4 is a view illustrating frequency pass characteristics in the filter of FIG. 3;

5 is a cross-sectional view showing a noise loop of a high frequency noise removing structure of a circuit board according to the prior art;

6 is a circuit diagram showing an equivalent circuit of FIG.

7 is a diagram illustrating the frequency pass characteristic of FIG. 6;

8 is a cross-sectional view showing a first embodiment of a high frequency noise removing structure of a circuit board according to the present invention;

9 is a diagram illustrating a noise loop in FIG. 8;

FIG. 10 is a diagram illustrating frequency pass characteristics of a filter in FIGS. 9 and 10;

11 is a plan view showing a second embodiment of the high frequency noise removing structure of the circuit board according to the present invention.

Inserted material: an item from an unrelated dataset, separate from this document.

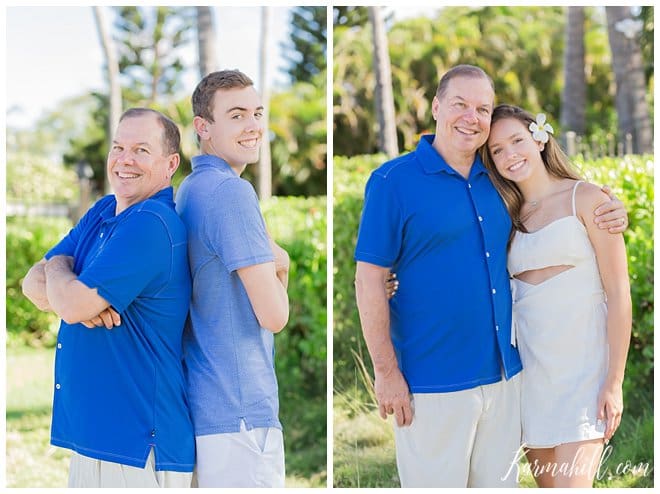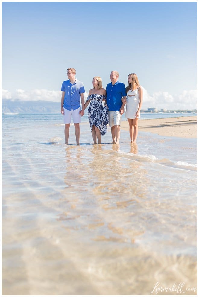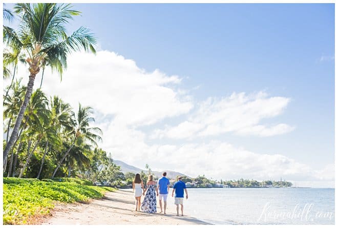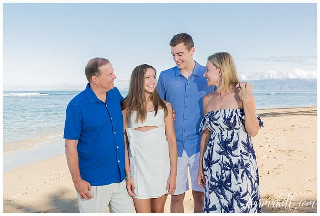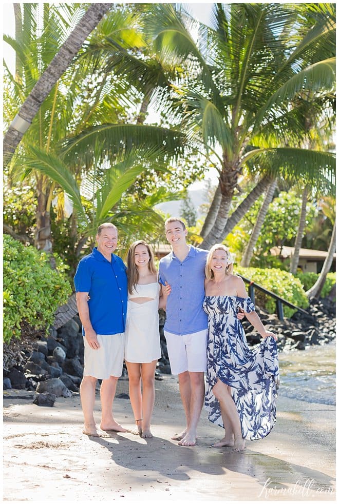 Ready to update their Maui Family Portrait collection, we were so excited to welcome back the McKnight Family. Ditching the June gloom of California for a little fun in the sun, the fabulous foursome was more than ready to hit Hawaii again. Seeking the bright blues that Maui mornings offer, they chose a spot different from their last session to get a little variety. The day was as fabulous as they come with the picture perfect setting and weather. The sparkling sea was a stunning shade of crystal clear.

<Explanation of symbols on main parts of the drawings>

50: circuit board 50a: dielectric

51, 52: first and second signal substrate 53: ground substrate

54: power supply substrate 60: filter

60a: signal input line 60b: signal output line

61: input terminal 62: output terminal

62a: via hole 63: ground terminal

63a: Via Hole

Claims (4)

A plurality of signal substrates positioned at an uppermost and lowermost position, respectively, with a ground substrate and a power substrate disposed therebetween to transmit signals; It is formed on any one of the signal substrate, the high frequency noise removal of the circuit board, characterized in that it comprises a filter for removing the high-frequency noise of the signal transmitted through the formed substrate and output through the other signal substrate rescue. The method of claim 1, The filter includes a signal input line to which a signal transmitted through the signal substrate is input and formed on the same substrate; And a signal output line formed on a substrate other than the signal substrate on which the filter is formed and outputting a signal passing through the filter. The method of claim 2, The filter is formed of a three-terminal filter consisting of an input terminal, an output terminal and a ground terminal, the signal output line is a high frequency noise removing structure of the circuit board, characterized in that electrically connected through the output terminal and the via hole. The method of claim 3, wherein And the filter is positioned horizontally or vertically with the signal input line and the signal output line such that the filter is connected in series or in parallel with the signal input line and the signal output line.